▶ _RECORDED DATA_
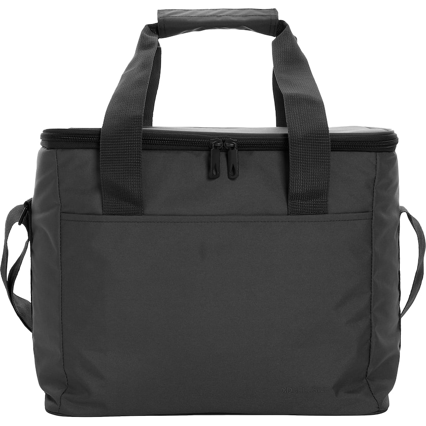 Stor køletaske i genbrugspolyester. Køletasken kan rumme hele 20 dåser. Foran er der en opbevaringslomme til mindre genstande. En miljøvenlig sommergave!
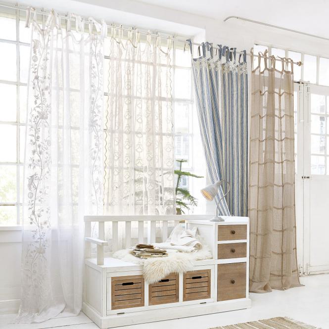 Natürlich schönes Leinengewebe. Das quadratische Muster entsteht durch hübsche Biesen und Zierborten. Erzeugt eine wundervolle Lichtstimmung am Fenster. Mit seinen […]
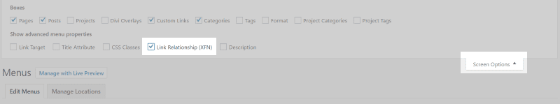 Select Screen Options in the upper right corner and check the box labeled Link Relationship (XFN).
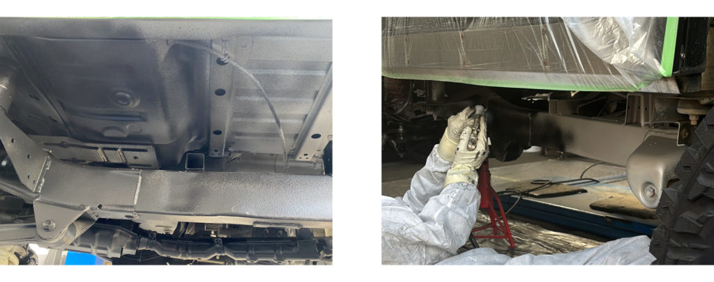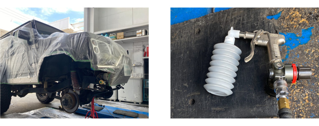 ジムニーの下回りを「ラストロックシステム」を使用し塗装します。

▶ _TASK ITEM_
Your answer must be an exact copy of the lines from the line with "Select Screen Options" to the final line of the data, both ends included, and no pictures.

▶ _SOLUTION TO THE EXERCISE_
 Select Screen Options in the upper right corner and check the box labeled Link Relationship (XFN).
 ジムニーの下回りを「ラストロックシステム」を使用し塗装します。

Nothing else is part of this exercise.